Anyone who wants to try it out sooner can reach out to QFS directly. Preview versions are being shared selectively with interested customers and partners to gather real-world feedback from live projects.
FAQ: Agentic Testing with QF-Test
What is agentic testing?
Agentic testing is an approach to software quality assurance in which artificial intelligence (AI) agents independently plan, execute, and evaluate test tasks. Here, autonomy and reproducibility are not mutually exclusive. QF-Test takes a hybrid approach: firmly defined test building blocks form a reliable foundation, and the AI agent decides which blocks to use and in what order. This makes test runs reproducible and traceable without requiring every step to be defined in advance. While fully autonomous testing is possible with QF-Test, QFS recommends the structured hybrid approach for production environments.

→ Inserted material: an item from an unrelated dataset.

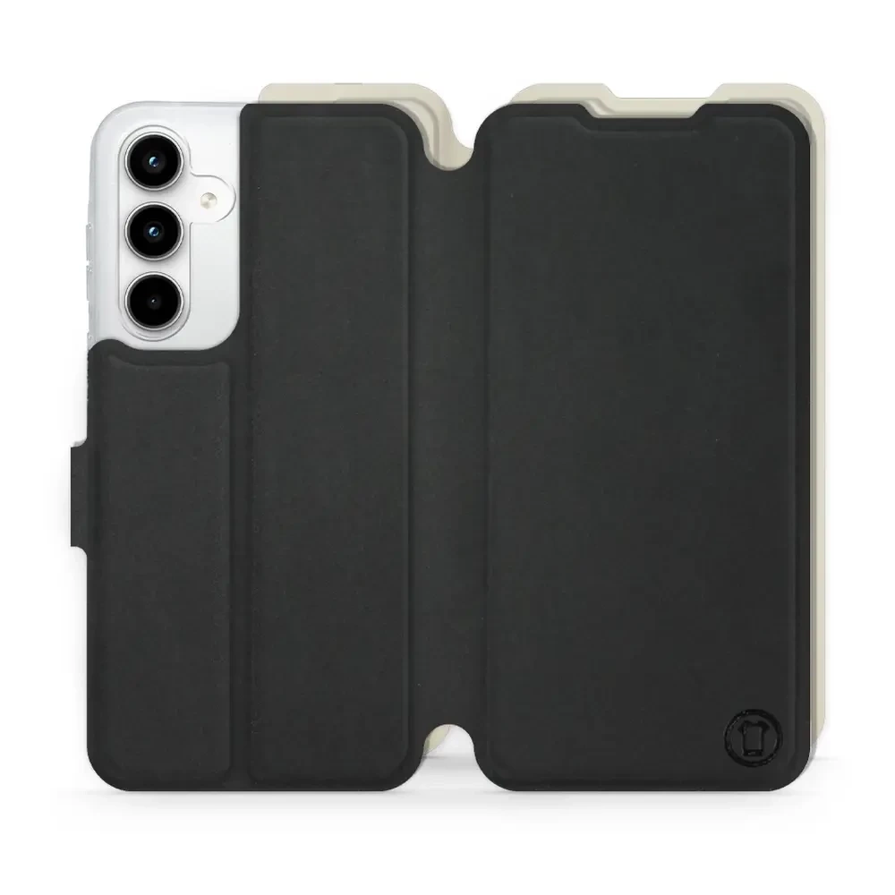 • Etui z klapką marki Mobiwear wykonane w Polsce. Etui Soft Touch do Samsung Galaxy A35 5G - wzór Satynowa czerń z platyną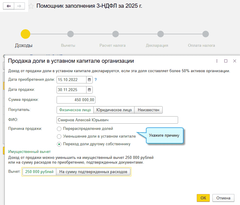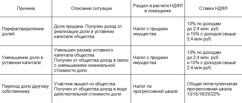 В программе «1С:Бухгалтерия 8» начиная с версии 3.0.192 поддержан расчет НДФЛ по доходам в связи с продажей и прочим выбытием доли в уставном капитале организации через помощник.

How does agentic testing differ from traditional test automation?
Traditional test automation uses fixed scripts, such as step A, then step B, then check C. If the application’s interface changes, the script breaks. QF-Test takes a hybrid approach: the AI agent works with clearly defined test building blocks and decides which ones to use and how, combining the flexibility of agent-based systems with the reproducibility demanded by reliable test automation.
What is an MCP server in the context of test automation?
MCP stands for Model Context Protocol, an open standard that facilitates communication between AI agents and external tools. An MCP server makes a tool’s capabilities (such as those of QF-Test) available to AI agents, such as Claude Code or Cursor. These agents can then call the tool as if it were a native function, eliminating the need for a human to manually operate the test environment.
Can QF-Test integrate with AI agents like Claude Code or GitHub Copilot?
Yes. With the MCP server from QF-Test, which is already available as a preview and will be fully integrated with QF-Test 11, AI agents like Claude Code can access QF-Test directly to launch tests, retrieve results, and control applications.
What platforms does QF-Test support for agentic testing?
QF-Test supports agentic testing for web applications, native Windows applications, Java GUIs (Swing, SWT, JavaFX, and Eclipse RCP), as well as Android and iOS apps and PDF documents. This makes QF-Test significantly broader in scope than pure web testing tools like Playwright.
When will QF-Test 11 with the full AI features be released?
The release of QF-Test 11 with integrated AI features, including test suite generation and a production-ready MCP server, is planned for 2026. An experimental preview version of the MCP server is currently available.
Does agentic testing replace human testers?
No, AI-generated test suites provide a structured first draft that experienced testers must further develop and validate. The value lies in reducing the effort required to create and maintain tests, not in replacing human expertise entirely.